В это время наш полк обрабатывал вражеские позиции под Насельском, Новы-Двуром, Плоньск-Гурой, Воровицами, Плоцком, а также действовал по переправам у Грауденца и Нозенбурга. За десять дней, что мы там работали, По-2 подавили огонь 16 артиллерийских батарей, уничтожили несколько пулеметных и минометных точек, склад боеприпасов, вызвали 10 пожаров и более 30 сильных взрывов.

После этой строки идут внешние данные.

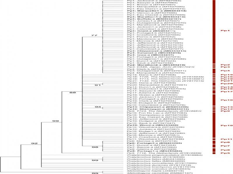 The ML tree based on COI validated that the 72 Wisconsin populations were conspecific with P. penetrans (Fig. 5). The bootstrap value supported the assignment of P. penetrans populations to a clade distinguished from the other species in the Penetrans group and P. crenatus. Within the P. penetrans clade, T716, the Dutch population from Janssen et al. (2017), was assigned to a sub-clade that was distant from all others, but it should be noted that species confirmation by 28S rDNA or other genes is not available for that population. Haplotypes Pp1 to Pp4 were distinguished from others and grouped together in one clade, as were Pp6 to Pp8. The evolutionary relationship of other haplotypes was not clearly resolved in the analysis.
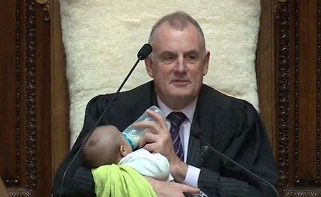 WELLINGTON: The Speaker of New Zealand's parliament, Trevor Mallard, cradled a lawmaker's baby while he presided over a debate in the House of Representatives.

Наступление советских войск шло успешно. В двадцатых числах января они вышли к границам Восточной Пруссии. Полк перебазировался в Бурше, что вблизи Млавы, а оттуда в начале февраля — в Шарлоттенвердер, уже на территорию самой Германии.

Сбылось то, о чем мы думали все эти годы, ради чего переносили тяготы войны, не жалели жизни. Позади осталась истерзанная родная земля — разрушенные и спаленные врагом села и города, могилы тех, кто пал в сражениях. Сердца наши были переполнены гневом. Но в груди солдат клокотала ненависть к фашистам, а не к мирному немецкому населению. Ступив на территорию врага, мы не питали злобы к немецкому народу. Нам, советским людям, были неведомы звериные инстинкты.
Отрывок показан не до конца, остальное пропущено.